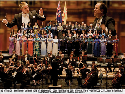 The Royal Melbourne Philharmonic Orchestra và ban Hợp Ca Cộng Ðồng Người Việt trong chương trình đánh dấu nãm ly hương thứ 30 của người Việt (Australia 2005).
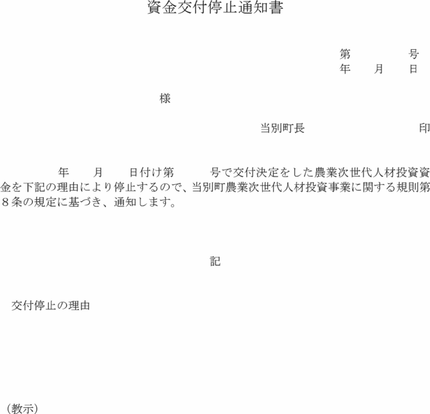 第8条 町長は、資金の交付を受けた者(以下「受給者」という。)が実施要領第4の3の(3)のアからキに掲げる事項に該当するときは、当該受給者に対し、資金交付停止通知書(
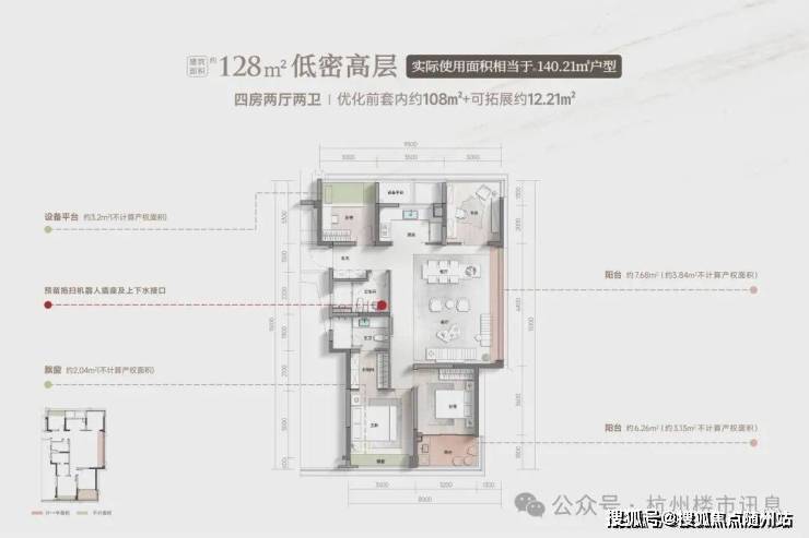 🌟小高层108方(4房2厅2卫)-139方(4房2厅3卫),实得率约96%
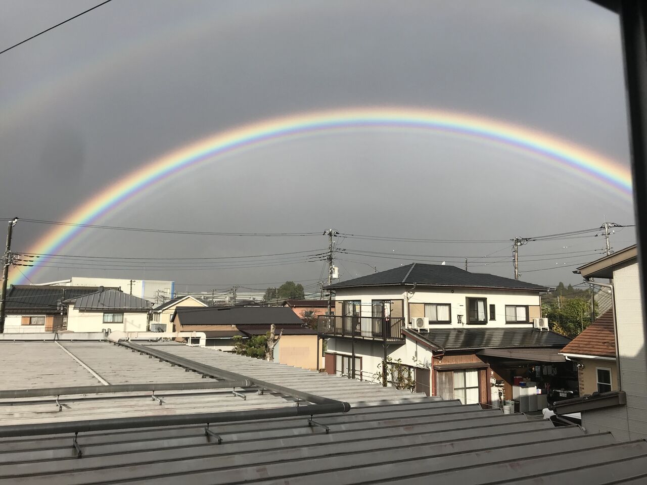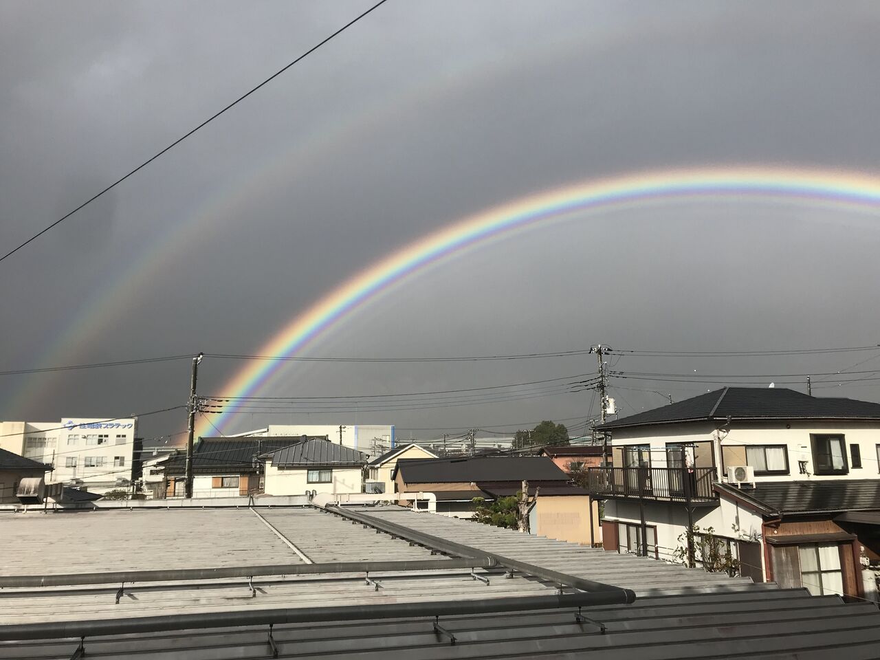 これはある日の朝、会社事務所から撮影した2重の虹です。くっきり見えました。
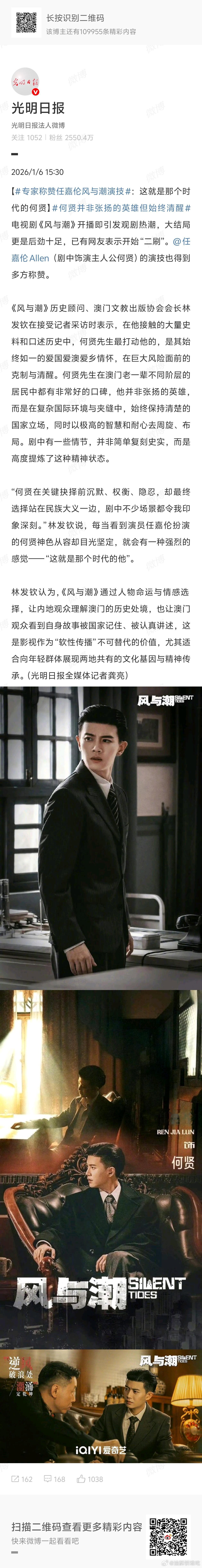 官媒又夸夸风与潮了!《风与潮》历史顾问、澳门文教出版协会会长林发发钦高度称赞任嘉伦:“每当看到演员任嘉伦扮演的何贤神色从容却目光坚定,就会有一种强烈的感觉 这就是那个时代的他”任嘉伦演这部剧太值了 ,真互相成就!
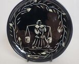 Appears that the white pottery plate was glazed over in black with the design being scratched in before glaze is set. Design has a reverse embossed texture.

┄┄┄┄┄┄

Work item:
Only an exact copy of the lines from the one with "これはある日の朝、会社事務所から撮影した2重の虹です。くっきり見えました。" through the last line of the listing should be given; pictures must not be included.

Response to the exercise:
 これはある日の朝、会社事務所から撮影した2重の虹です。くっきり見えました。
 官媒又夸夸风与潮了!《风与潮》历史顾问、澳门文教出版协会会长林发发钦高度称赞任嘉伦:“每当看到演员任嘉伦扮演的何贤神色从容却目光坚定,就会有一种强烈的感觉 这就是那个时代的他”任嘉伦演这部剧太值了 ,真互相成就!
 Appears that the white pottery plate was glazed over in black with the design being scratched in before glaze is set. Design has a reverse embossed texture.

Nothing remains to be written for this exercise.